Injection with pressure sink in production well
Referring to Fig 6, in some implementations the process includes injecting the
aqueous
emulsification solution through the injection well 29 only and the production
well 30 is put
on production mode, creating a pressure sink that draws the aqueous
emulsification
solution through the interwell region and into the production well 30. The
pressure sink
enabled flow can be facilitated by the water permeability in the interwell
region and
allows reduced consumption of the injected solution which permeates the area
between
the well pair rather than outward into other areas of the reservoir where it
is not required
for SAGD startup. Fig 6 illustrates a chemical-affected region 42 using the
pressure sink
technique.
In some implementations, various fluids may be injected into the interwell
region using
the pressure sink technique.
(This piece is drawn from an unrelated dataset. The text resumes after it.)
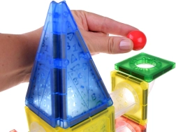 Az építőkészletek nagyon könnyen összekapcsolhatók, lehetővé téve a gyerekek számára, hogy különféle labirintusokat és csúszdákat építsenek, és közben golyókat is átengedjenek rajtuk. A mágneses elemek és a műanyag részek mellett a készlet képekkel ellátott útmutatót is tartalmaz.
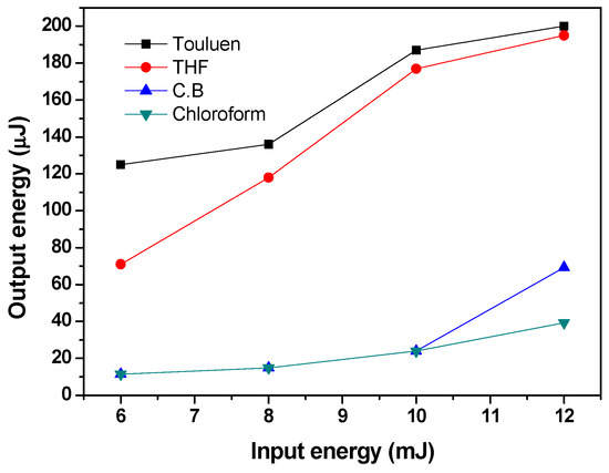 Figure 6 shows the relationship between output and input energy for different MDMO-PPV dissolved in various solvents with a fixed concentration at 0.67 mg/mL. The ordinary linear dependence of the output pulse energy of the polymer solution as a function of the input pulse energy of the Nd:YAG laser can be seen. Moreover, the nature of the solvents has different effects on the Output energy. Toluene is the best solvent which gives the highest ASE efficiency, whereas chloroform is the worst solvent compared with the other solvents. This finding can be ascribed to the highest quantum yield for MDMO-PPV dissolved in toluene and lowest yield in chloroform, compared with other solvents. On other hand, the highest ASE efficiency is due to the fact that toluene has the lowest polarity index, whereas the lowest ASE efficiency in chloroform is due to its high polarity index compared with that of other solvents.

The fluids may be aqueous solutions including one
or more
chemical agents for enhancing SAGD startup in various ways, such as increasing
water
wettability of the mineral surfaces.
Continuous flow through the interwell region
In some implementations, the aqueous emulsification solution is not permitted
to soak
within the interwell region but rather is continuously injected via the
injection well and
produced as a bitumen-in-water emulsion via the production well. The residence
time of
the aqueous emulsification solution in the interwell region can be selected to
promote
formation of the bitumen-in-water emulsion while avoiding formation of a water-
in-
bitumen emulsion.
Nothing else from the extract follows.